An improvement to a power-transmitting clutch can include a clutch housing/disc carrier made from sheet metal with a generally cylindrical housing wall disposed at a radial distance from a longitudinal axis for the housing. At least one opening in the housing wall can be operatively arranged to accept at least a portion of a clutch plate/disc for the clutch assembly. The housing can be cylindrical, and the slots or openings can extend substantially parallel to the axis. This configuration can provide a clutch mechanism of a multiple plate/disc type which is simple in construction and comparatively inexpensive to manufacture.
A clutch can include an outer housing and an inner housing arranged coaxially with respect to one another to support a plurality of first and second alternating, interiorly arranged, radially extending, friction members for axial movement between engaged and disengaged positions.
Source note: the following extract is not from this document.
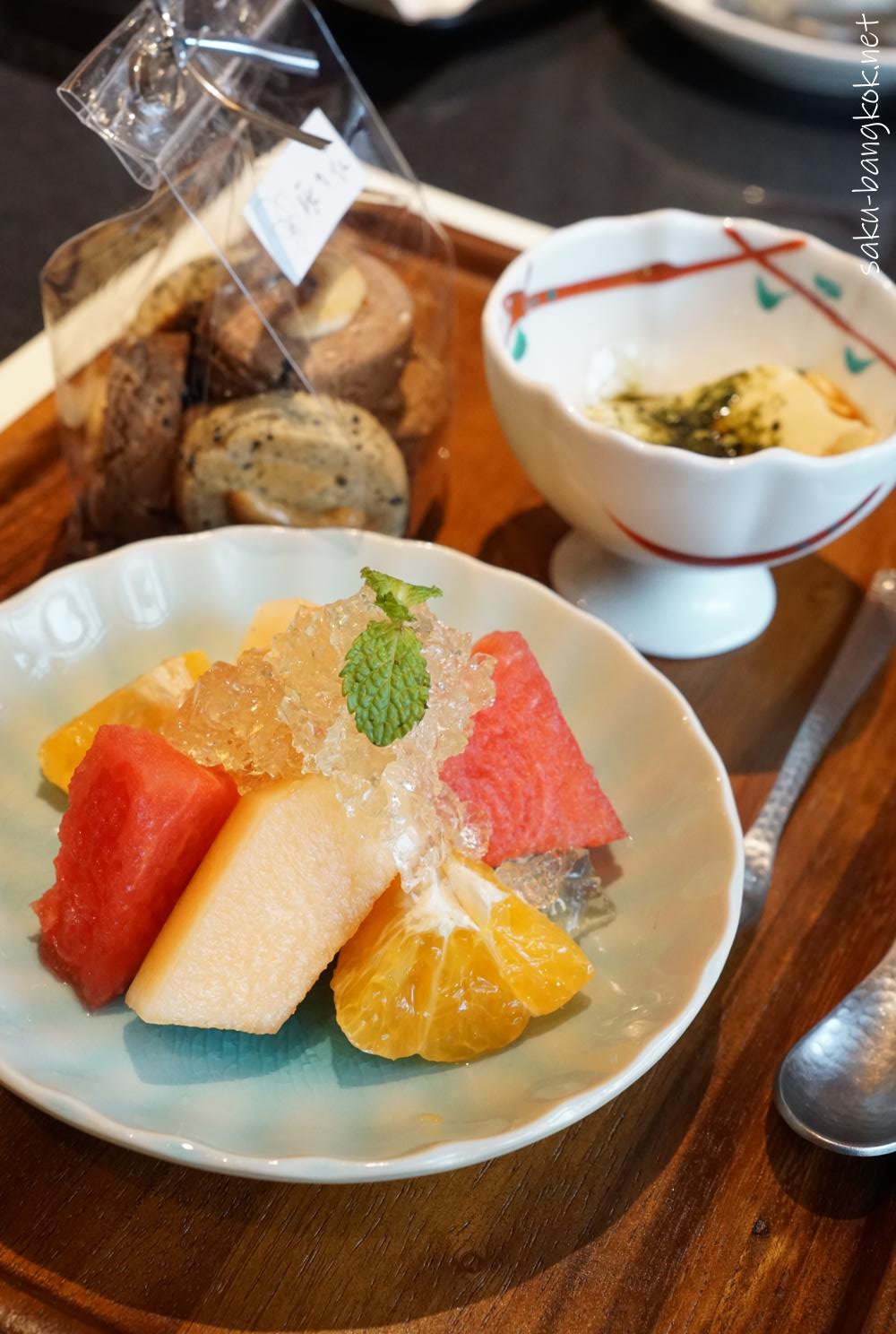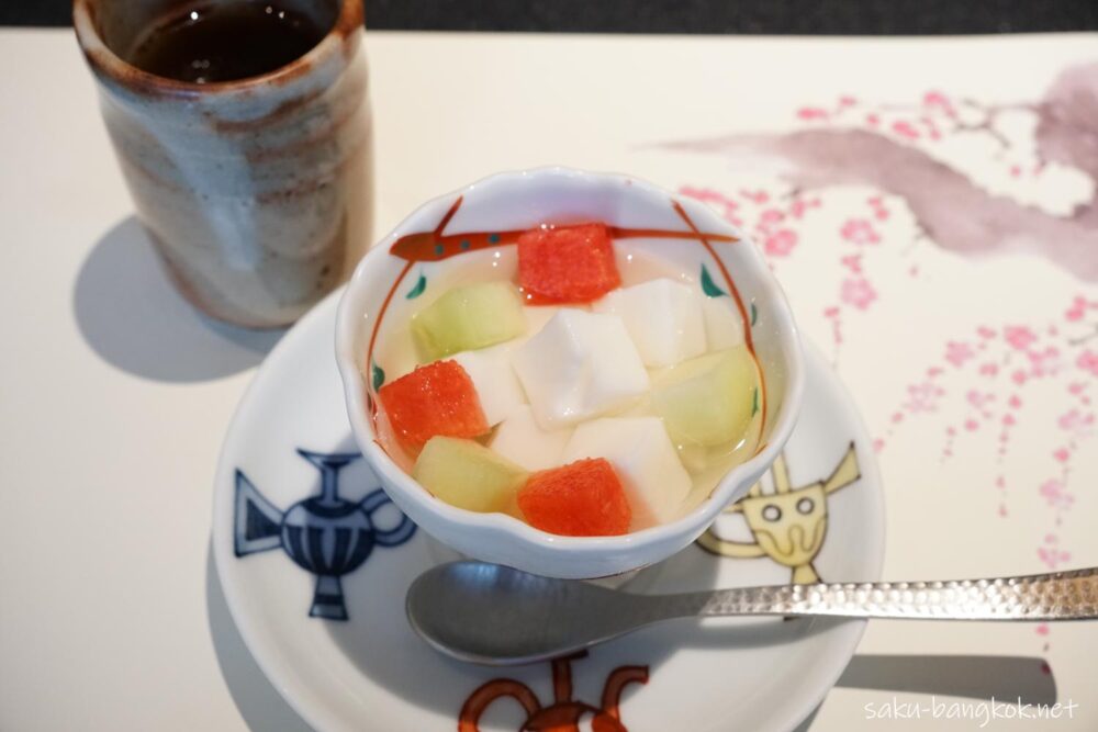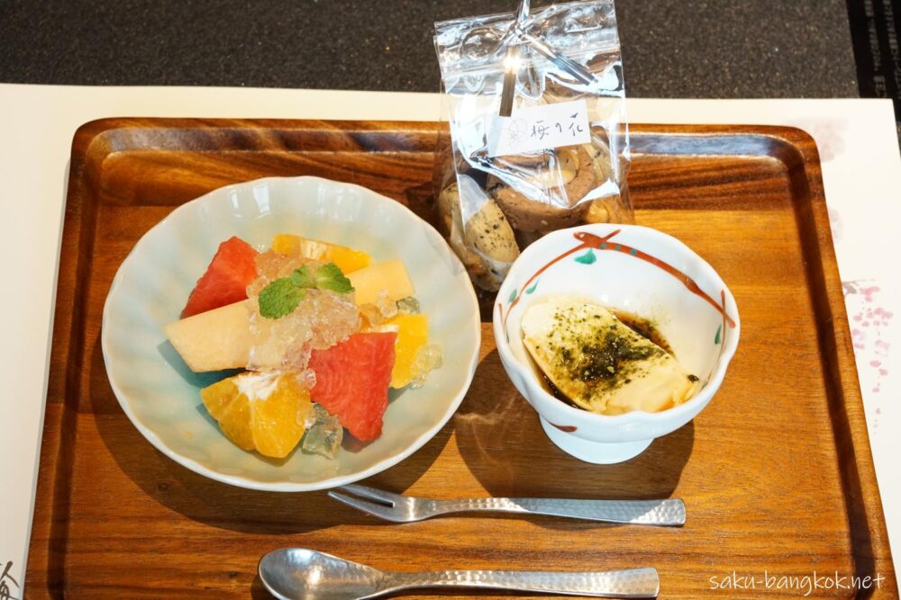 蜂蜜ジュレがかかったフルーツ盛り合わせと、黒蜜が美味しいお豆腐デザートです。

The outer housing can have a longitudinally extending cylindrical side wall and a radially inwardly extending end wall, and a plurality of longitudinally extending, teeth-receiving notches formed at evenly angularly spaced locations along the cylindrical side wall. Each notch can have radially inwardly bent wall portions extending longitudinally to define teeth-receiving sidewalls of the outer housing for receiving corresponding teeth portions of one of the first and second plurality of friction members.
A method for manufacturing a clutch having an outer housing and an inner housing arranged coaxially with respect to one another to support a plurality of first and second alternating, interiorly arranged, radially extending, friction members for axial movement between engaged and disengaged positions can include providing a hub, providing an elongate sheet metal strip, stamping corrugations along an entire longitudinal length of the sheet metal strip, rehitting a portion of the corrugated sheet metal strip to wrap the corrugated sheet metal strip into a generally cylindrical, corrugated ring, and connecting the corrugated ring to the hub to define at least one housing of the clutch.
A clutch can have an outer housing and an inner housing arranged coaxially with respect to one another to support a plurality of first and second alternating, interiorly arranged, radially extending, friction members for axial movement between engaged and disengaged positions. The clutch can include an inner housing assembly having a hub and an elongate sheet metal strip having bent tabs and evenly spaced corrugations stamped along an entire longitudinal length of the sheet metal strip. The elongate sheet metal strip can be wrapped around to form a continuous, generally cylindrical, corrugated ring with inwardly extending bent tabs. The corrugated ring can be connected to the hub.
Other applications of the present invention will become apparent to those skilled in the art when the following description of the best mode contemplated for practicing the invention is read in conjunction with the accompanying drawings.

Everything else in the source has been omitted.